Good Samaritans saved the day

Photo for representational purpose only.



Lt Gen Raj Sujlana (retd)

THE pitfalls of overdependence on technology were offset by the strong bonds of brotherhood during my trip to New Delhi. The ubiquitous mobile phone is an integral part of our lives; it is one’s passport to almost everything. Such is the reliance on it that without one, even routine chores can come to a standstill. I realised this the other day when I landed in a tricky situation.

I arrived by cab at New Delhi railway station, only to be engulfed in the confused web of traffic that welcomes all passengers. I paid the cabbie and walked hurriedly to avoid missing the train. A little distance away, I reached for my phone, but there was no sign of it. I had possibly left it in the cab. I raced back, but the cab was nowhere to be seen. Reality struck: I neither had a virtual ticket nor a hard copy of it. I was stranded. I recalled the lines: ‘Technology has brought us closer, then made us more distant. Made us more aware, then made us doubtful of ourselves.’ Whom to call and how? The saving grace was my wallet, which contained cash and debit cards.
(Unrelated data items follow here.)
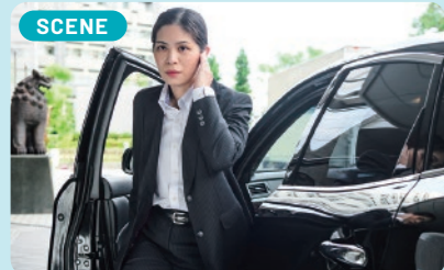
警護のやりがいには「何もなく終わること」。当たり前のように聞こえますがそのために全神経を注ぎますので、無事に終わると本当にホッとします。

体力に自信はありませんでしたが、警察学校で仲間と励まし合いながら訓練に臨んだことが思い出深いです。交番勤務は思っていたよりも多様な事案があり、今まで過ごしてきた世界とは違うと驚きの連続でした。最前線で人助けに携われることにやりがいを感じましたね。
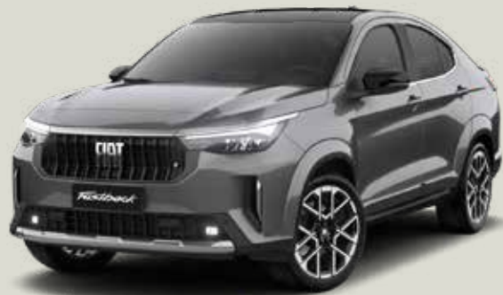
175 | GRIS SILVERSTONE + NEGRO VULCANO
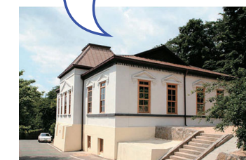
〈제물포 구락부(시 유형문화재 제 17호)〉

중구, 해안동, 신포동 일대는 현재까지 수많은 근대 문물의 역사와 함께 호흡하고 있습니다.
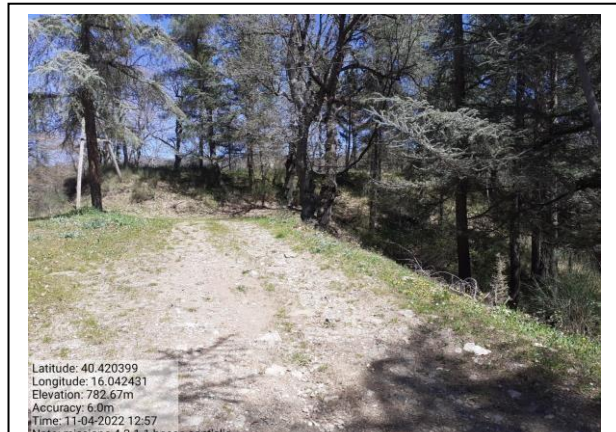
Missione 4.2.1.1 loc. bosco Sant'Elia f. 20 p.IIa 56
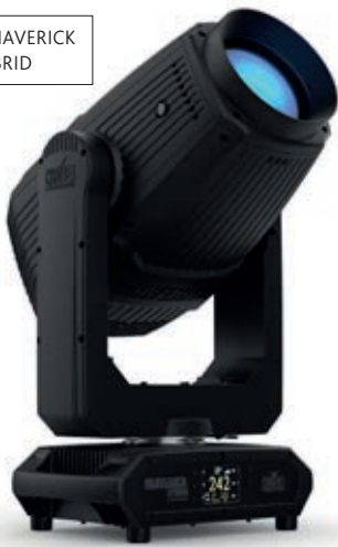
CHAUVET - MAVERICK STORM 1 HYBRID

dan de originele Sharks tegen een concurrerende prijs. De Polar Wash 740 is een andere nieuwe toevoeging aan de Showtec-portfolio die werd getoond. Het is een uiterst compacte, krachtige en lichte moving head met een hoge CRI en een gemotoriseerde zoom die vloeit in te stellen is van 3,5 tot 44 graden. De stille werking en instelbare PWM maken hem geschikt voor studio toepassingen, terwijl de IP65-classificatie betekent dat hij ook buiten kan worden gebruikt. De nieuwe V2 software voor de Showtec LAMPY geeft de bestaande LAMPY DMX-panels een flinke oppepper door toevoeging van waardevolle functies zoals MultiCell-mogelijkheden, multi-touch schermondersteuning, een nieuwe Fixture Editor, een CIE-kleurenkiezer, virtuele dimmer- en stroboscoopmogelijkheden en een nieuwe AtlaBase MultiCell-bibliotheek. Met alle nieuwe mogelijkheden is ook de nieuwe LAMPY Re-Load 4, die vier DMX-universes toevoegt aan de LAMPY V2, een handig nieuw product.
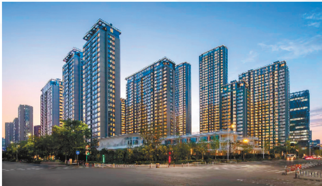
绿城·杭州晓风印月整体实景图
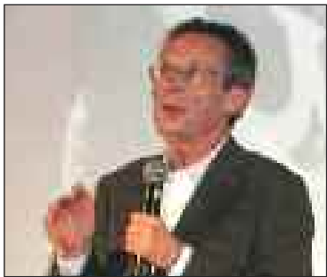
Patrice Leconte
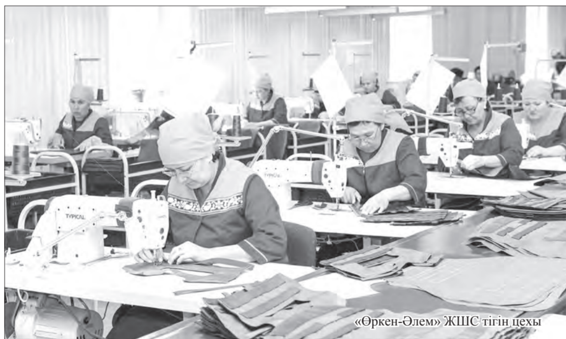
«Өркен-Әлем» ЖШС тігін цехы

– Құрылыс басында 20 шақты адам бар. Көпірдің тіреу бағандарының іргетасын құйып болдық. Енді бұйырса, күн суытма дегенше біраз жұмысты еңсеріп қалармыз. Биылғы бөлінгені – 153 миллион, ал жалпы көпір
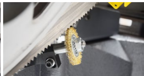
Die synchron zur Sägebandgeschwindigkeit angetriebene Spänebürste sorgt stets für freie Spannkammern
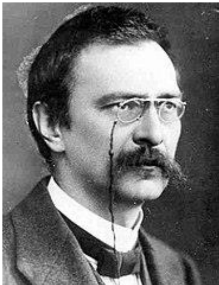
Rysunek 1. https://pl.wikipedia.org/

Stanisław Grabski (ur. 5 kwietnia 1871 w Borowie, zm. 6 maja 1949 w Sulejówku) – polski polityk, ekonomista, poseł na Sejm Ustawodawczy oraz I kadencji w II RP, przewodniczący Rady Narodowej RP (1942-1944), wiceprzewodniczący Krajowej Rady Narodowej (1945-1947).
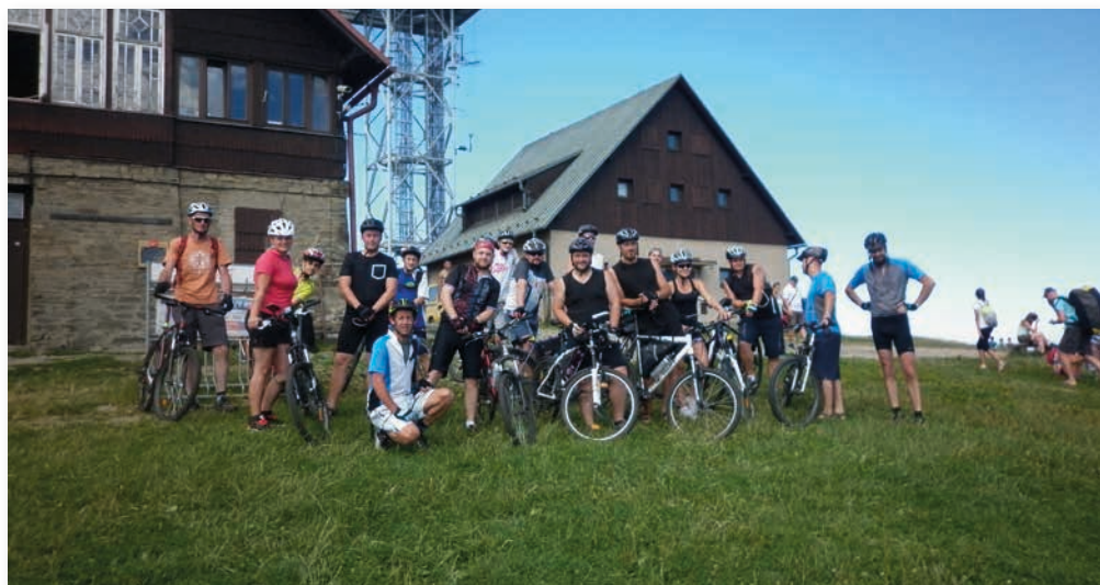
Všichni společně na Javorovém u chaty
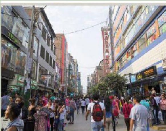
Compradores y ambulantes en el centro comercial Gamarra.

2) Observa las fotografías. Luego, describe los factores que propician situaciones de riesgo y los posibles desastres.
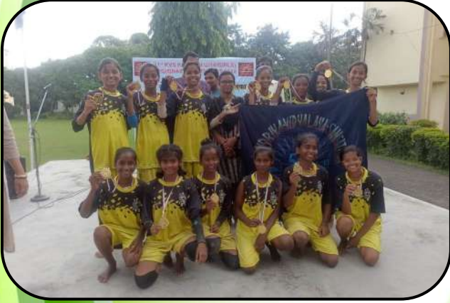
कब्बडी प्रतियोगिता (kabbadi competition)
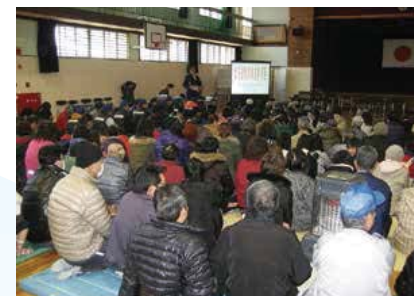
▲避難訓練の後、検証会を行い避難マニュアルを作成
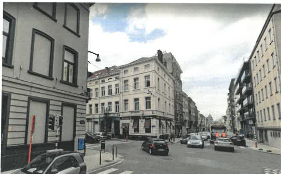
Vue avant travaux

Cet immeuble d'angle fait partie d'un ensemble de style néoclassique de 1876 repris à l'Inventaire du patrimoine architectural, composé de trois maisons identiques (n os 7, 9 et 11, rue Defacqz) et de l'immeuble de rapport situé au croisement des rues de Livourne et Defacqz. Au-dessus d'un rez-de-chaussée commercial à bossages, la façade de 3 travées (rue Defacqz) est, comme ses voisines, marquée d'un balcon axial au 1 er étage. L'entablement est percé de petites baies à arc surbaissé, sous une corniche débordante sur modillons. La façade rue de Livourne compte 4 travées inégales.
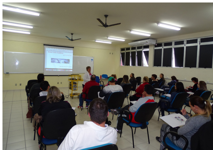
Curso de Educação Física Escolar
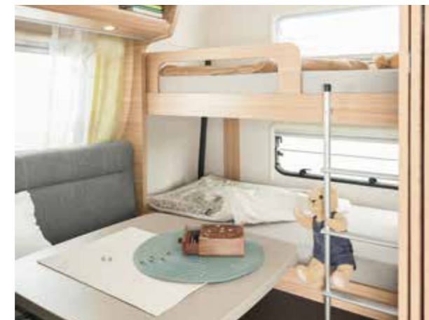
+ Die Kinder schlafen im Heck längs (wie Abb. Season Camper L) oder quer (Season Camper M), ungestört vom Elternschlafzimmer
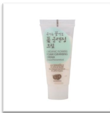
Pěnový čistící krém WHAMISA (20 ml, 180 Kč) Čistí pleť a účinně uvolňuje póry.

I spotted two cabbies with mobile phones. I walked up to them and spelt out my problem. I asked if they could call on my phone number. ‘Number bolo,’ Vikas and his partner said in unison. Two attempts got no response. They asked me for the cab number and the driver’s name. I remembered that it was Sunil. That’s a very common name, they said. Still, the cab centre was called, but without luck.

I then requested the cabbies to make one last try. Lo and behold, Sunil responded! Thereafter, with military precision, the two drivers coordinated with each other. We three met at a mutually convenient place. I had my phone back. Indebted to Sunil, I offered him money, but he refused, saying that he had helped me without expecting anything in return. Wishing me well, he drove off. Then Vikas said: ‘Uncleji, get inside the cab. I will drop you back at the station, lest you should miss the train.’ He did the needful. I requested him to accept a token of my appreciation, but he too refused it, saying that he had done it as a goodwill gesture and not to cash in on my predicament. The best that I could do was offer a silent prayer for these down-to-earth Good Samaritans.

When most would have avoided getting involved, they went out of their way to help. In their act of compassion and empathy, they followed the dictum: ‘Be nice to people… maybe it will be unappreciated, unreciprocated or ignored, but spread the love anyway. We rise by lifting others.’ Back home, I called both to thank them, but could only contact Vikas. ‘Sir, your call has made my day. It means much more to me than the money you offered,’ he said. Here was a stranger who had proved no less helpful than a friend.